It’s an absurd enough statement for her to force out a laugh, to open her eyes. She squints at him sideways, through strands of sweaty hair. He’s wearing a turtleneck sweater and he’s cleanshaven, and it occurs to her that the past few days, for him, have been happy ones. When he brought her flowers after she woke up, his smile had been clumsy, like it hadn’t made an appearance for a while. It had been earnest, though, and genuine, and even now there’s a touch of relief in the corner of his mouth, an aftertaste of _thank God, thank God_ that lingers for days. His November has an upturn halfway through. Her November doesn’t begin until the 14 th, and when it does it is quietly violent. A silent killer.

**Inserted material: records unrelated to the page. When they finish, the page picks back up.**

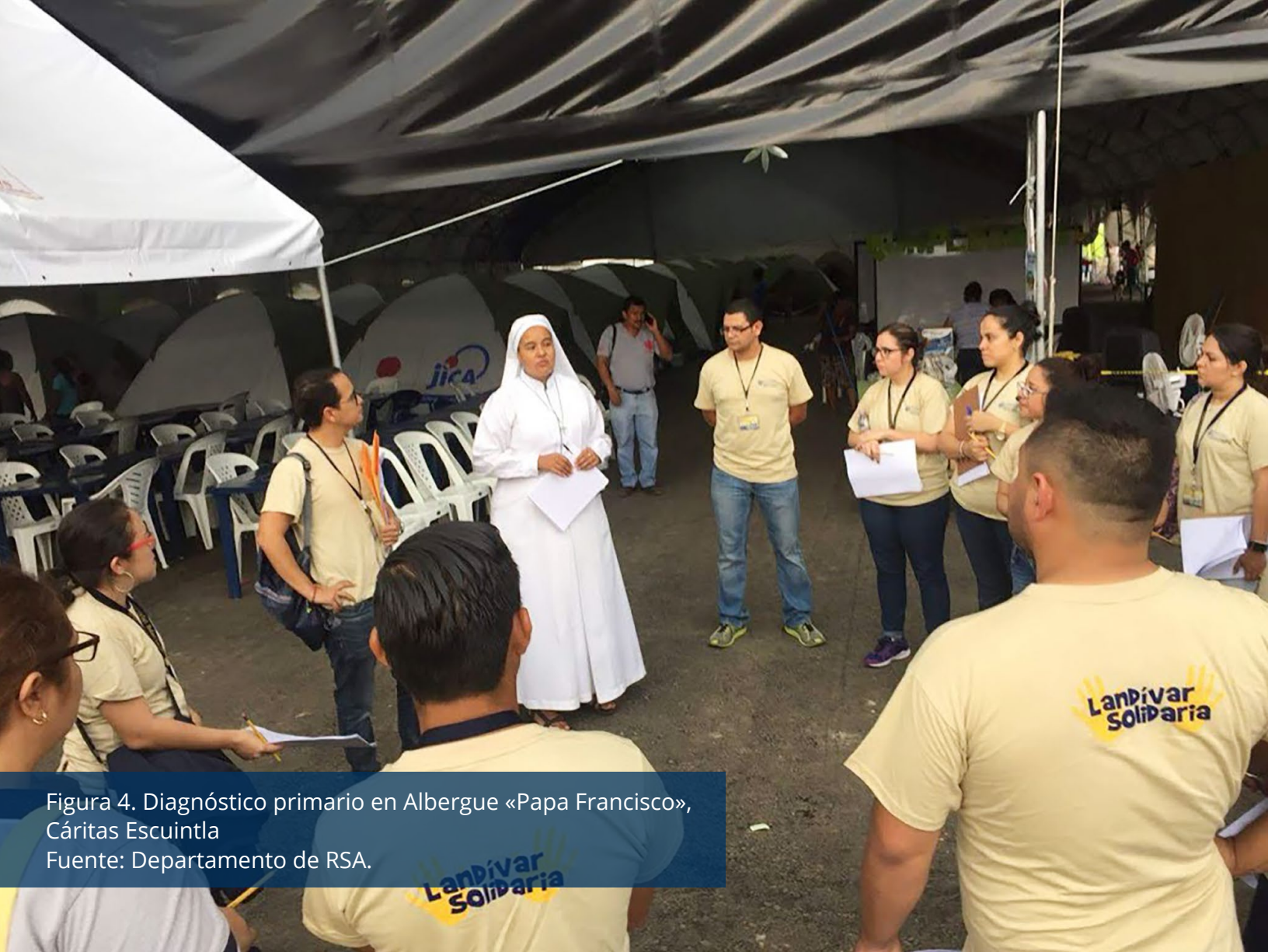
Figura 4. Diagnóstico primario en Albergue «Papa Francisco», Cáritas Escuintla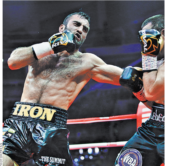
После перехода в другую весовую категорию Мурат Гассиев мог потерпеть в скорости, но зато удар стал еще мощнее.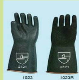
型號：YD-1023R 品名：防酸鹼手套 材質：Natural Latex 特厚,手掌壓紋處理 CE 認證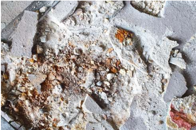
Bitume durch Abrieb gelöst - Beton wurde durch Chloride komplett zerstört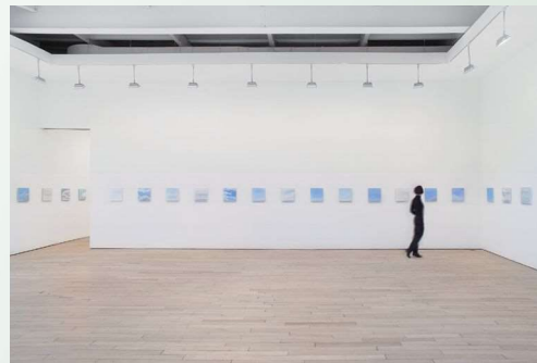
「サンデー・ペインティング、2001年1月7日～2018年2月11日」の展示風景 2018年1月5日～2月17日

キムの作品で最も知られているのは、1993年のホイットニー・ビエンナーレに出品され、現在も制作継続中の絵画《提喻(Synecdoche)》(ワシントン・ナショナル・ギャラリー、米国に収蔵)だろう。人間の肌の色を表した何百ものパネルがグリッド上に構成され、単色の抽象画であり、集団の肖像画とも言える作品だ。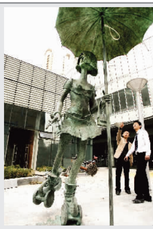
“少女群像” 落户吴江路

近日,3件2.6米高的“骑车少女”“滑轮少女”“静立少女”主题雕塑悄然落户建设中的吴江路休闲街。少女雕塑由法国艺术家苏泰创作,脚踏滑轮,手执阳伞,栩栩如生。据工作人员介绍,吴江路休闲街将于6月底完成施工,向公众开放。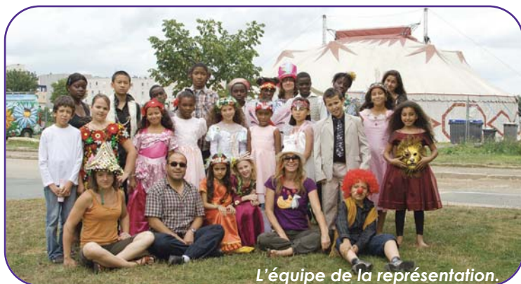
L'équipe de la représentation.

Preuve que le travail de la Compagnie des Contraires fait figure d'exemple.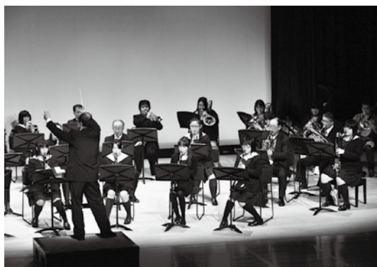
猪苗代吹奏楽団と猪苗代高校吹奏楽委員会の演奏

猪苗代吹奏楽団が主催する「東日本大震災復興支援音楽祭2011 いなわしろ音楽祭」は12月10日、学びいなで開かれました。同楽団の他、福島県ばんだい荘あおば、猪苗代中学校吹奏楽部、同校3年2組、猪苗代高校吹奏楽部、翁島・千里・吾妻幼稚園など町内の団体に加え、陸上自衛隊郡山駐屯地音楽隊、中野坂上ウインドオーケストラなども参加。吹奏楽はもちろん、太鼓や合唱などさまざまな音楽が観客の心を癒しました。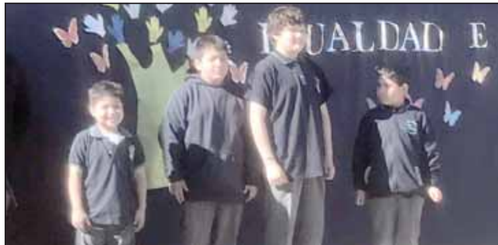
Los estudiantes de la Escuela San Rafael celebraron animadamente esta fecha especial.

La escuela además se ha convertido en un espacio de encuentro entre la comunidad de San Rafael, por lo que mantiene sus puertas abiertas para que los vecinos conozcan el trabajo educativo que ahí se realiza.

She suddenly feels resentful, although it’s of course ridiculous and unfounded (she was the one who called him there). “You know I’m not,” she snaps.

Mulder nods. To his credit, he is neither surprised nor discouraged by her cutting tone, by the uncharacteristic display of emotional honesty. Only his hand changes, becoming still and decidedly _there_. Warm against her shoulder. Seeping into her bones.

“I know,” he says, and she feels like the flutter of déjà vu all over again, loud in her chest, when she decides to trust him.

* * *

 

The whistle of the tea kettle is jarring, but in a comforting way. Scully doesn’t mind the noise as she sits on the couch, curled up against the arm, her fingers tracing patterns along her legs. It’s a sound that distinctly belongs to this kitchen, belongs to her very particular, very old kettle she couldn’t find the heart to throw away. It’s a landmark of regularity. Proof she is on the way.

The bathroom floor hadn’t been directly followed by the couch. After the bathroom floor, Mulder had pulled her into her bedroom, where after much rustling through unfamiliar drawers, he had tossed an old t-shirt of her father’s and a pair of flannel pants at her. “Shower,” he’d instructed her. “You’ll feel better.”

Removed from the cold clamminess of the tile floor and the overpowering scent of Lysol, from the shameful memory of grasping at her toilet and begging the world to stop spinning, Scully had raised an eyebrow. “That’s very forward of you, Mulder,” she’d said. He had laughed, despite how funny the joke really was (not very), and had left the bedroom, pulling the door behind him to rest against the frame. Not quite closed.

He was right, Scully thinks now. The stench of the hospital had been all over her. She hadn’t realized until after she scrubbed at her skin under the biting hot water, most likely because she had woken up in November as that disinfected, paper gown Scully, her memories of who she was before disjointed and crumbly under her fingers. Now she remembers, and if she closes her eyes, it is what October feels like. It is what normal feels like.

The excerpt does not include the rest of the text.